I hold up to 25% of my investment portfolio in bonds as a diversifier and for some protected income. I hold Vanguards Global Bond Index which comprises investment grade, longer (7 yr) dated government (65%) and corporates. The yield is poor at around 3% but when US rates begin to fall their value will increase. These bonds are mostly negatively correlated to equites.
I also hold a strategic bond fund that yields around 7% and contains very little junk, the average rating is BBB and duration is 6....this is positively corelated but provides income.
My question is, what else should I be holding?

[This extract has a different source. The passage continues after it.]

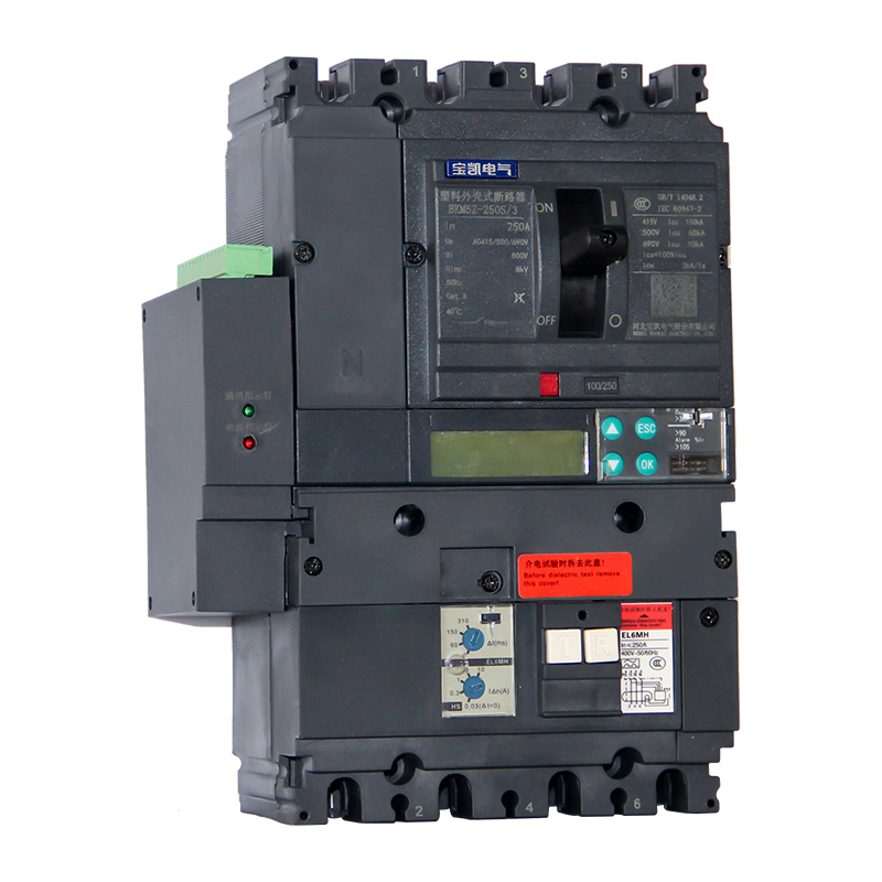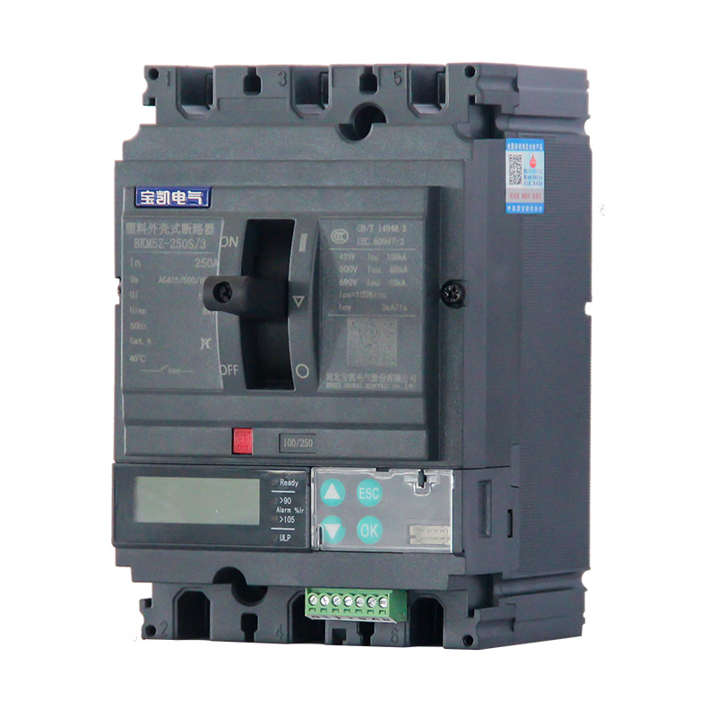 BKM5 系列塑料外殼式斷路器適用于交流50Hz,額定絕緣電壓1000V,額定工作電壓至690V,額定電流12.5A至1600A的配電網(wǎng)絡(luò)中,用來分配電能和保護(hù)線路及電源設(shè)備免受過載、短路、欠電壓等故障的損壞。亦可作為電動(dòng)機(jī)的不頻繁起動(dòng)及過載、短路、欠電壓保護(hù)。加裝Vigi剩余電流保護(hù)模塊的斷路器,只能上進(jìn)線。MIC5.0E智能型斷路器只能上進(jìn)線。其他規(guī)格的斷路器,既可上進(jìn)線,也可下進(jìn)線。本系列斷路器具有隔離功能。本系列斷路器可垂直安裝(即豎裝),亦可水平安裝( 即橫裝)。本系列斷路器執(zhí)行標(biāo)準(zhǔn):IEC 60947-1及GB/T 14048.1 《低壓開關(guān)設(shè)備和控制設(shè)備 第1部分:總則》IEC 60947-2及GB/T 14048.2 《低壓開關(guān)設(shè)備和控制設(shè)備 第2部分:斷路器》IEC 60947-4及GB/T 14048.4 《低壓開關(guān)設(shè)備和控制設(shè)備 第4-1部分:接觸器和電動(dòng)機(jī)起動(dòng)器 機(jī)電式接觸器和電動(dòng)機(jī)起動(dòng)器(含電動(dòng)機(jī)保護(hù)器)》GB/T 22710《低壓斷路器用電子式控制器》

Government bonds are safer than corporates but the yield is lower plus corporates are positively corelated to equities. Short dated bond funds yield more than long dated bonds because the yield curve is inverted. US rates are likely to start to reduce before the end of the year and UK rates before then.

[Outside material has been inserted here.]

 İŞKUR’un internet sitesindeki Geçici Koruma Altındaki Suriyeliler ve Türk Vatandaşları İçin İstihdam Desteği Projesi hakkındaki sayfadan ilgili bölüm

A short dated (1-3 yrs) government bond index looks interesting but is subject to interest rate risk at some point. This provides reasonable yield and negative correlation.
A global government bond index appeals, possibly a global corporates bond index also for income but that risks correlation.

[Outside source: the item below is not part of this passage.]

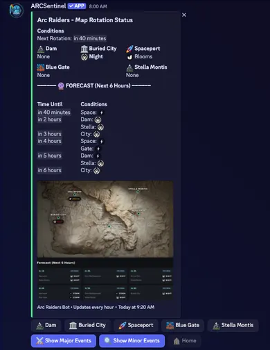 ArcSentinel Bot keeps Arc Raiders servers up to date with hourly map rotations (Dam, Buried City, Space Port, Blue Gate, Stella Montis) on the official 24-hour UTC schedule.

Argh! Advice needed, please.
No technical advice, but I've just switched about 7K back into UK indexed linked bonds (fund) within a SIPP drawdown from 70% MA / 30% international equity.
Had some periods of great performance from linkers in the past. (Decade ago perhaps)
Fund is about minus 32% over 3 years, they seem to be close to a floor. Either side of a flatline for many months.
MA fund was doing very little, not even poor.
Slight interest rate reductions, and Geo situation may at least prevoke some performance. Number on the slot machine at 1, higher or lower?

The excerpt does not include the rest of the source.